This is especially true in the Ethereum ecosystem, which has long been associated with high gas fees. In a multi-chain world where many blockchains interact with Ethereum, the cross-chain solution you choose should not only abstract gas payments but also allow users to pay as cheaply as possible.

Analog GMP is a secure messaging protocol that allows users to interact with any asset or DApp on any supported chain with a one-click UX. It is designed so that users only pay the gas fees once in native currency on the origin chain without requiring them to post additional transactions on the target chains or perform relays.

In this post, we explore how Analog has applied practical optimization strategies to achieve gas efficiency in a cross-chain environment.

Gas estimation in cross-chain environments

Insufficient gas on target chains is a major reason why DApp users often abandon cross-chain transactions. To solve this challenge, some cross-chain solutions allow users to pay gas fees in multiple tokens. However, this process can become cumbersome and costly for users.

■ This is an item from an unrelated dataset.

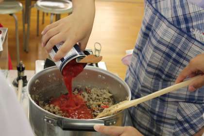 7 Put everything into a pot. Add the beans,tomatoes,cumin,oregano,chill powder and salt.

In an ideal setup, you want to build your DApp on an ecosystem that completely abstracts the issue of gas payment from users. The idea behind the cross-chain gas abstraction mechanism is simple: gas fees should be abstracted away from the UX. In other words, DApp users should only pay the gas fees in native currency on the origin chain and leave the cross-chain solution to handle the execution process on the destination chains.

To achieve gas abstraction, the cross-chain solution must implement accurate gas estimation mechanisms, enabling users to leverage a prepaid fee payment model. This mechanism should help ensure the reliable execution of the cross-chain transaction on the destination chain regardless of gas spikes on that chain.

However, in a cross-chain environment, estimating cross-chain gas fees is more complicated than gas computation, which you’re accustomed to in a single blockchain ecosystem. The true cost of the cross-chain gas consists of three fees:


  • The gas fee a user is required to pay on the origin chain.
  • The gas fee it takes for the validators to attest to the transaction on the source chain.
  • The gas fee it takes to relay and execute the transaction on the destination chain.

Fee (3) is the most complex to estimate because of the different tokens that may exist on the destination chains. In Analog GMP, for example, a decentralized oracle service adjusts the gas fees for each deployed Gateway Smart Contract (GSC) based on Ethereum gas prices whenever possible.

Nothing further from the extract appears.